TEMPO.CO, Yogyakarta - Lembaga Bantuan Hukum (LBH) Yogyakarta menyesalkan pernyataan pemerintah yang telah menutup pintu negosiasi berkaitan penolakan rencana pembangunan bandar udara di Kecamatan Temon, Kabupaten Kulon Progo oleh sebagian warga. LBH menilai pernyataan tersebut bersifat intimidatif. Negosiasi hanya dibuka berkaitan dengan pembahasan keberatan atas nilai ganti rugi hasil survei dari tim penilai.
“Kalau warga Temon tidak mau melepas hubungan hukum dengan tanahnya, maka tanahnya tidak bisa dieksekusi,” kata Kepala Departemen Advokasi LBH Yogyakarta Rizky Fatahillah saat dihubungi Tempo, Ahad, 15 Mei 2016.

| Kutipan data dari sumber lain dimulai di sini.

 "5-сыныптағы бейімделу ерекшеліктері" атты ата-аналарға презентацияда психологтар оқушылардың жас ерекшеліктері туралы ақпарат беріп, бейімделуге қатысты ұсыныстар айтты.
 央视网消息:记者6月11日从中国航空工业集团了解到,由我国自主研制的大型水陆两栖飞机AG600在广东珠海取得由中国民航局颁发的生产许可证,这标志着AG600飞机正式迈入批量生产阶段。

Sebelumnya, Sekretaris Daerah Kulon Progo Astungkoro menegaskan pemerintah telah menutup pintu negosiasi terhadap warga Temon yang berkaitan dengan penolakan rencana pembangunan bandar udara di Kecamatan Temon, Kabupaten Kulon Progo.
Lantaran saat ini tim appraisal telah selesai melakukan survei dan pencocokan lahan serta akan mengumumkan nilai tanah dan aset warga terdampak pada 14 Juni 2016 mendatang. “Kalau soal setuju atau tidak setuju pembangunan bandara mestinya sebelum IPL (izin penetapan lokasi) dikeluarkan,” kata Astungkoro saat dihubungi Tempo, Ahad, 15 Mei 2016.

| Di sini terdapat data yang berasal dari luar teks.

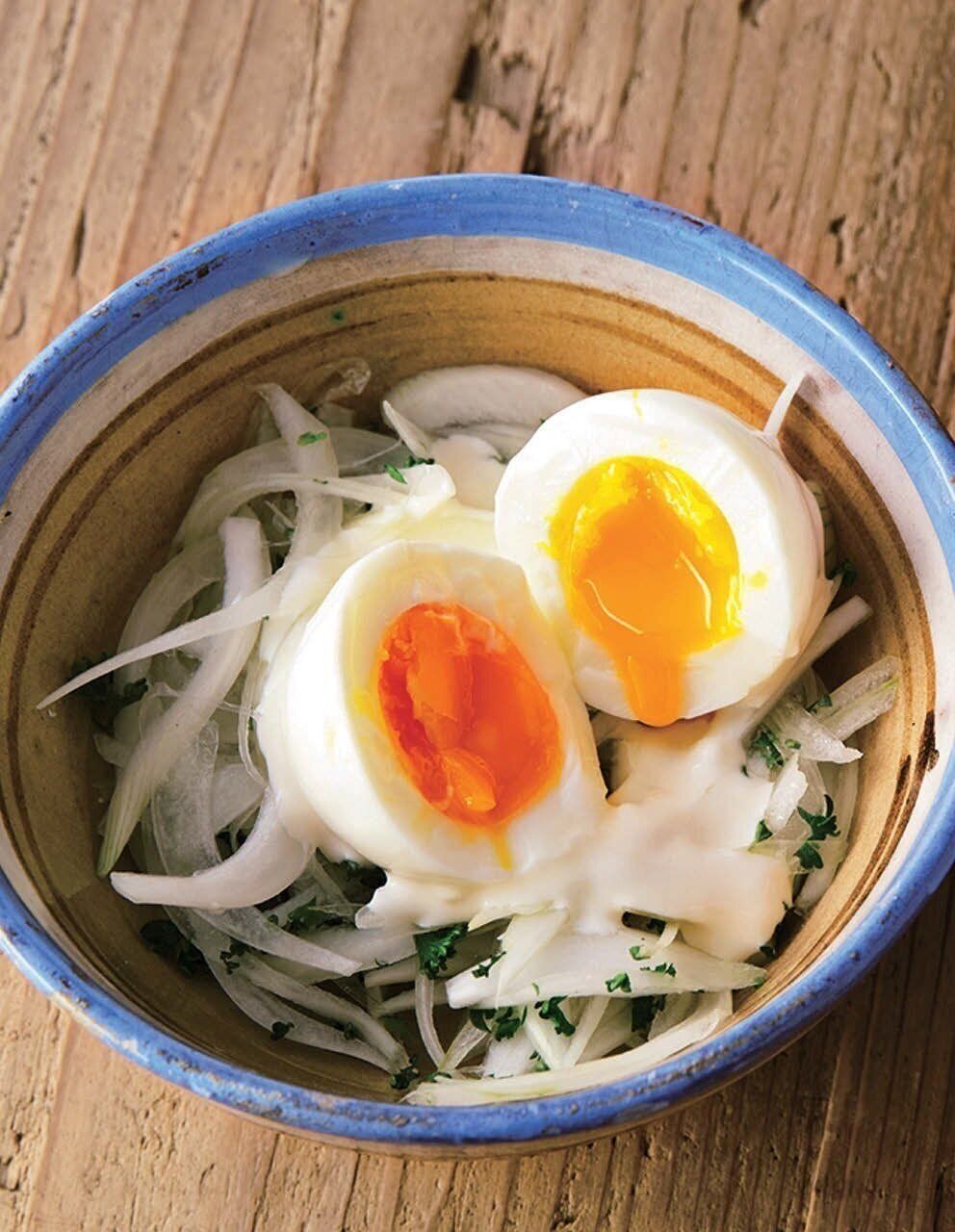 新玉ねぎと半熟卵のサラダ
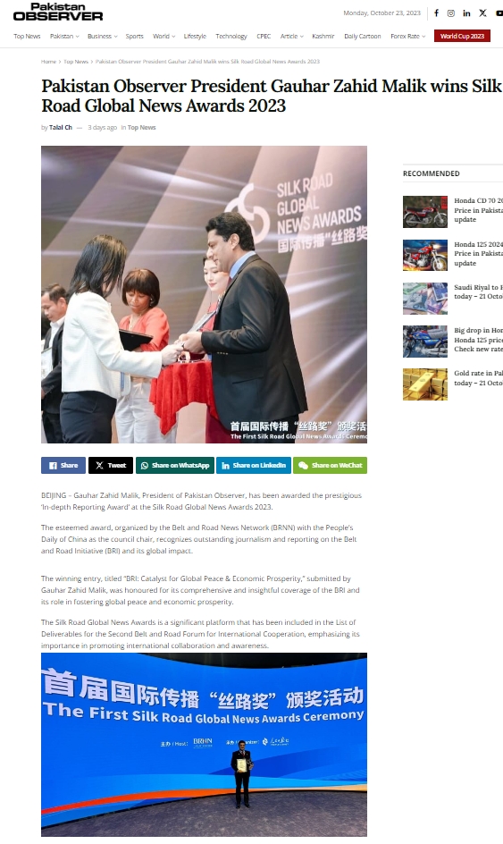 《巴基斯坦觀察家報(bào)》網(wǎng)站報(bào)道首屆國際傳播“絲路獎(jiǎng)”頒獎(jiǎng)活動(dòng)
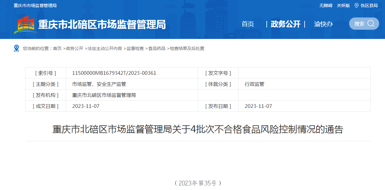 中國質量新聞網訊 11月7日,重慶市北碚區市場監督管理局網站發布關于4批次不合格食品風險控制情況的通告(2023年第35號)。

Dia membantah soal kemungkinan tindakan penggusuran terhadap warga yang menolak melepaskan tanahnya untuk proyek pembangunan bandara. Hingga saat ini, warga terdampak yang bergabung dalam Wahana Tri Tunggal (WTT) tetap kukuh menyatakan menolak pembangunan bandara di Temon tanpa syarat.
“Bukan menggusur. Tapi proses itu memang diatur dalam undang-uandang (UU Nomer 2 Tahun 2012 tentang Pengadaan Tanah Bagi Pembangunan untuk Kepentingan Umum),” kata Astungkoro.

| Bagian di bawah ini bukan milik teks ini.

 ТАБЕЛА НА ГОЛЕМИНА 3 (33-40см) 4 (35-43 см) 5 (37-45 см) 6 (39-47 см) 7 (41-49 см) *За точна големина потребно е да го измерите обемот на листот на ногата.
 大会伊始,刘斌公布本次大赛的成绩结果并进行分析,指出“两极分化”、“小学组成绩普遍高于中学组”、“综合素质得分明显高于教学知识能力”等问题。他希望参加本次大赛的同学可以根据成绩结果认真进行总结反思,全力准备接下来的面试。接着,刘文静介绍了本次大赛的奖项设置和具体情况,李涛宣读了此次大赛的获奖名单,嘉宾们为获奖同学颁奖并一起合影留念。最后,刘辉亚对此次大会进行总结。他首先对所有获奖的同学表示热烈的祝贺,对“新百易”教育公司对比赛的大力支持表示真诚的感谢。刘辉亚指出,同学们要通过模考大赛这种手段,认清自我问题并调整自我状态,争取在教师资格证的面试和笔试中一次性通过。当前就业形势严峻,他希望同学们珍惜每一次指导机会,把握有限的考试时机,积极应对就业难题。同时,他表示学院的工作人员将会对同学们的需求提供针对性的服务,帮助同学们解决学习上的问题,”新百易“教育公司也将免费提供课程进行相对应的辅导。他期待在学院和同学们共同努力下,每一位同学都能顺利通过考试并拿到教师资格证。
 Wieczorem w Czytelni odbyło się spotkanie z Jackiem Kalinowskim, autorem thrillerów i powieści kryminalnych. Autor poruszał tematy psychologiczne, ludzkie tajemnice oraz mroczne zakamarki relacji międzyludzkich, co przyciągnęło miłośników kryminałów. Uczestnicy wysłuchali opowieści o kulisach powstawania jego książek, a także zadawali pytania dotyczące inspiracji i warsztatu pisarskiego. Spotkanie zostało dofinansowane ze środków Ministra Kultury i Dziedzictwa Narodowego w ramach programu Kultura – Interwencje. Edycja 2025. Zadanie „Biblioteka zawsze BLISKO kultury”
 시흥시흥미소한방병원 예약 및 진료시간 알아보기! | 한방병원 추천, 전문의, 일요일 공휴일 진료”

Negosiasi akan dilakukan ketika ada warga yang keberatan dengan nilai ganti rugi hasil survey tim appraisal. Warga bisa mengajukan gugatan ke Pengadilan Negeri Kulon Progo. Ganti rugi juga akan diberikan kepada warga yang menolak bandara. “Karena warga penolak tidak bersedia mengikuti proses konsulrasi publik dari awal, dianggap menerima besaran ganti rugi,” kata Astungkoro.
Berdasarkan hasil survey tim appraisal, ada 4.300 bidang terdampak bandara. Angka tersebut bertambah dari data Badan Pertanahan Nasional (BPN) yang semula mencatat hanya 3.444 bidang lahan terdampak. Penambahan bidang lahan tersebut, menurut Astungkoro karena diitung dari jumlah petani penggarap di atas bidang lahan milik Pakualaman. “Karena petani penggarap juga mendapat ganti rugi berdasarkan garapannya,” kata Astungkoro yang kini tengah menyiapkan persyaratan administrasi lahan relokasi.
Rizky mengingatkan, tanah yang disiapkan untuk relokasi lahan pun tidak sebanding dengan hubungan hukum kepemilikan warga atas lahan sebelumnya. Lantaran, baik tanah kas desa maupun lahan Pakualaman tidak bisa diubah statusnya menjadi hak milik warga.
Apabila warga tinggal di tanah Pakualaman, maka hanya sebatas berstatus magersari. “Tanah kas desa juga dulunya tanah Pakualaman. Kalau suatu saat digunakan untuk kepentingan umum lainnya, warga terancam pindah lagi,” kata Rizky.